> [ABOUT THIS EXERCISE]: Go through the listing below and repeat it exactly, dropping the pictures.

(DATA EXCERPT begins)

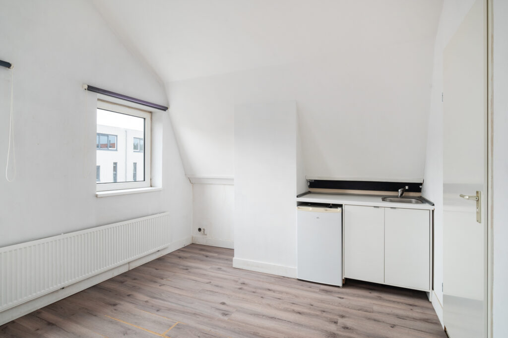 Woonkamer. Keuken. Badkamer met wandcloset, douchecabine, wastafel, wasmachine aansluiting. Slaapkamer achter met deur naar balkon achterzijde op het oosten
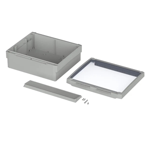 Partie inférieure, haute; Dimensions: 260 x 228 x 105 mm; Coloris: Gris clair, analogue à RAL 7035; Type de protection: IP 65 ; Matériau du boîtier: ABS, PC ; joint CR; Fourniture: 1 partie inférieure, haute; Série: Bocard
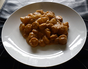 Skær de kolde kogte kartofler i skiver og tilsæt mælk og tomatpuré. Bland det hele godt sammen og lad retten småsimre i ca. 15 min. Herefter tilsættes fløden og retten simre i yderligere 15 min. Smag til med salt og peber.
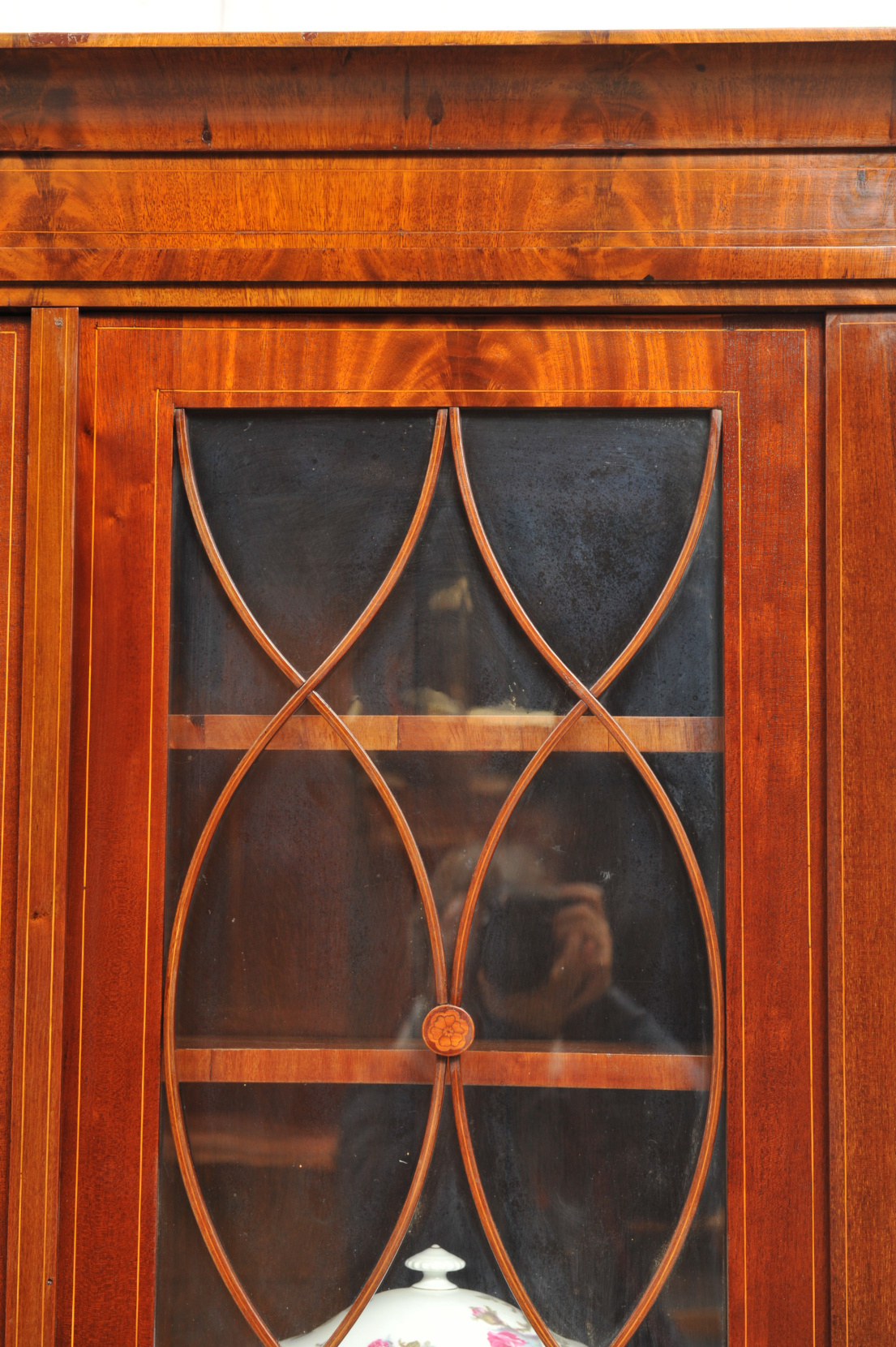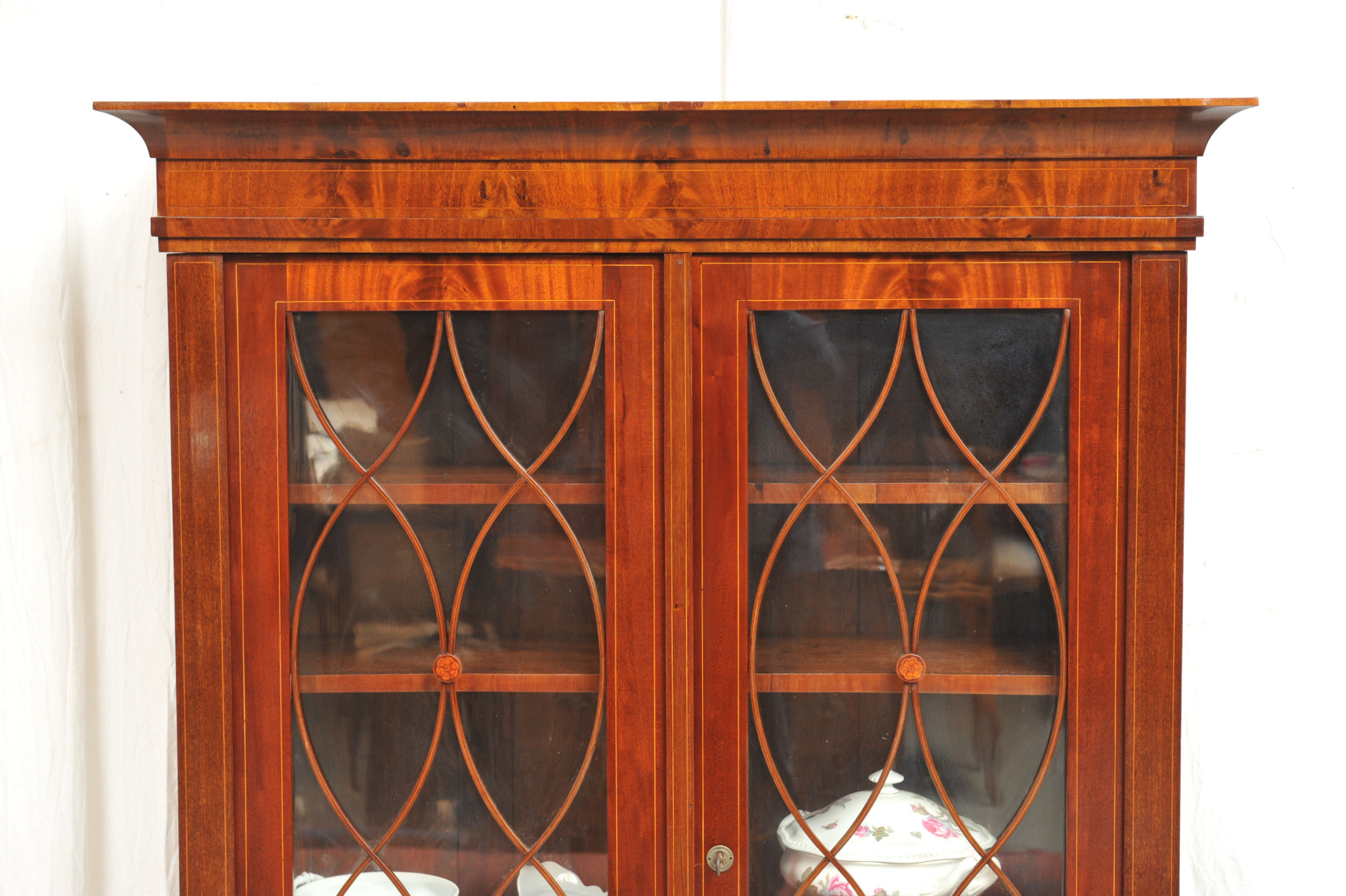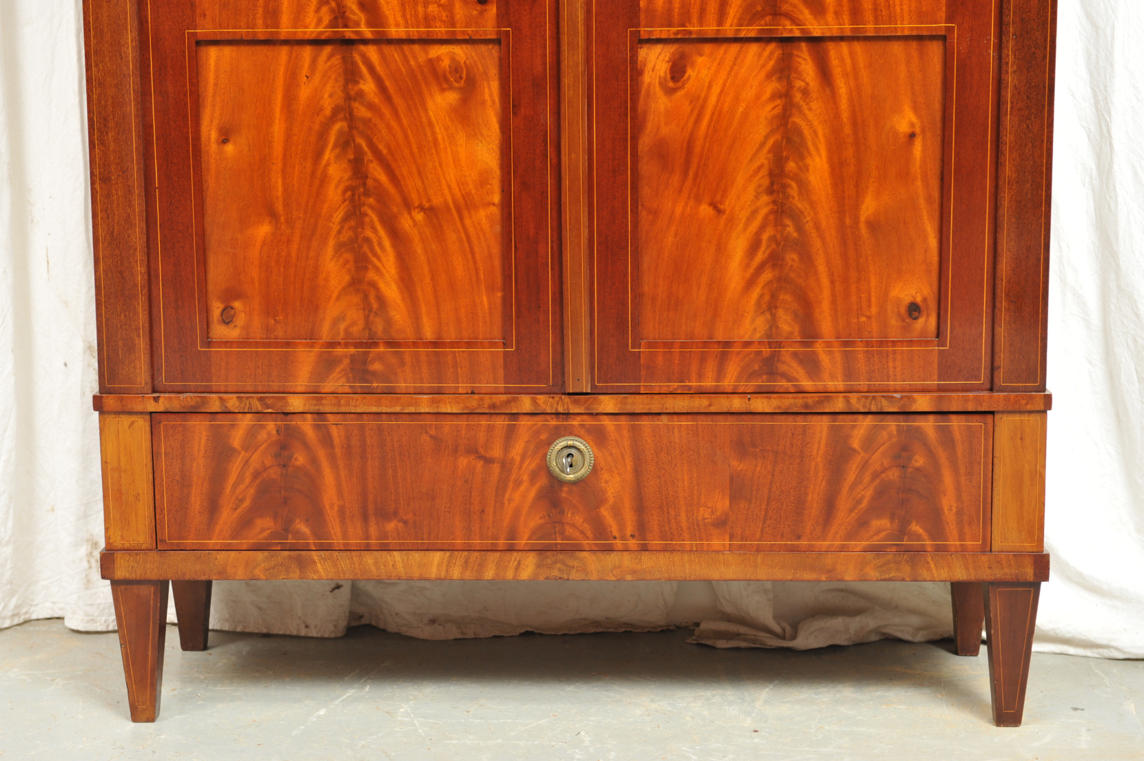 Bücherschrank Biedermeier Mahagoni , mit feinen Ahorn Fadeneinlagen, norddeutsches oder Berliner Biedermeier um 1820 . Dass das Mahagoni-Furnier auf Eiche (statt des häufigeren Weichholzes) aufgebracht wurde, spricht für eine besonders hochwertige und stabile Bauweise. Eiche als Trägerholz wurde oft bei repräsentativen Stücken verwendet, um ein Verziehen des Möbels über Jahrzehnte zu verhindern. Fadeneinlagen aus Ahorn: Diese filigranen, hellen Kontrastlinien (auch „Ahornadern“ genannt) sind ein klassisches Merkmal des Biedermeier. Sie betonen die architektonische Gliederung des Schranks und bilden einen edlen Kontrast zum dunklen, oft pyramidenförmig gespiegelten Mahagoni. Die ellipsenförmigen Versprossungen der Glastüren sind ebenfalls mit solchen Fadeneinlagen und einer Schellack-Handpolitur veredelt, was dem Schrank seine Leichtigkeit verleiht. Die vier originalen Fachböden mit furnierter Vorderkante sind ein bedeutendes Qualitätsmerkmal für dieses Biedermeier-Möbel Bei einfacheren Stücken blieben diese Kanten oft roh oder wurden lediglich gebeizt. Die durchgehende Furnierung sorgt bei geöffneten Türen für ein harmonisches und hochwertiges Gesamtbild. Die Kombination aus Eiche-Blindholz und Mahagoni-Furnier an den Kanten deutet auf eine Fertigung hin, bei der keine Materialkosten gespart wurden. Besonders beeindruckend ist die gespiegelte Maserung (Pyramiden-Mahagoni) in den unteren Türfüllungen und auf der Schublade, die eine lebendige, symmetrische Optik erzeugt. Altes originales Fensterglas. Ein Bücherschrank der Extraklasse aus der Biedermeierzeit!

(DATA EXCERPT ends)

> [REPLY]:
 Woonkamer. Keuken. Badkamer met wandcloset, douchecabine, wastafel, wasmachine aansluiting. Slaapkamer achter met deur naar balkon achterzijde op het oosten
 Partie inférieure, haute; Dimensions: 260 x 228 x 105 mm; Coloris: Gris clair, analogue à RAL 7035; Type de protection: IP 65 ; Matériau du boîtier: ABS, PC ; joint CR; Fourniture: 1 partie inférieure, haute; Série: Bocard
 Skær de kolde kogte kartofler i skiver og tilsæt mælk og tomatpuré. Bland det hele godt sammen og lad retten småsimre i ca. 15 min. Herefter tilsættes fløden og retten simre i yderligere 15 min. Smag til med salt og peber.
 Bücherschrank Biedermeier Mahagoni , mit feinen Ahorn Fadeneinlagen, norddeutsches oder Berliner Biedermeier um 1820 . Dass das Mahagoni-Furnier auf Eiche (statt des häufigeren Weichholzes) aufgebracht wurde, spricht für eine besonders hochwertige und stabile Bauweise. Eiche als Trägerholz wurde oft bei repräsentativen Stücken verwendet, um ein Verziehen des Möbels über Jahrzehnte zu verhindern. Fadeneinlagen aus Ahorn: Diese filigranen, hellen Kontrastlinien (auch „Ahornadern“ genannt) sind ein klassisches Merkmal des Biedermeier. Sie betonen die architektonische Gliederung des Schranks und bilden einen edlen Kontrast zum dunklen, oft pyramidenförmig gespiegelten Mahagoni. Die ellipsenförmigen Versprossungen der Glastüren sind ebenfalls mit solchen Fadeneinlagen und einer Schellack-Handpolitur veredelt, was dem Schrank seine Leichtigkeit verleiht. Die vier originalen Fachböden mit furnierter Vorderkante sind ein bedeutendes Qualitätsmerkmal für dieses Biedermeier-Möbel Bei einfacheren Stücken blieben diese Kanten oft roh oder wurden lediglich gebeizt. Die durchgehende Furnierung sorgt bei geöffneten Türen für ein harmonisches und hochwertiges Gesamtbild. Die Kombination aus Eiche-Blindholz und Mahagoni-Furnier an den Kanten deutet auf eine Fertigung hin, bei der keine Materialkosten gespart wurden. Besonders beeindruckend ist die gespiegelte Maserung (Pyramiden-Mahagoni) in den unteren Türfüllungen und auf der Schublade, die eine lebendige, symmetrische Optik erzeugt. Altes originales Fensterglas. Ein Bücherschrank der Extraklasse aus der Biedermeierzeit!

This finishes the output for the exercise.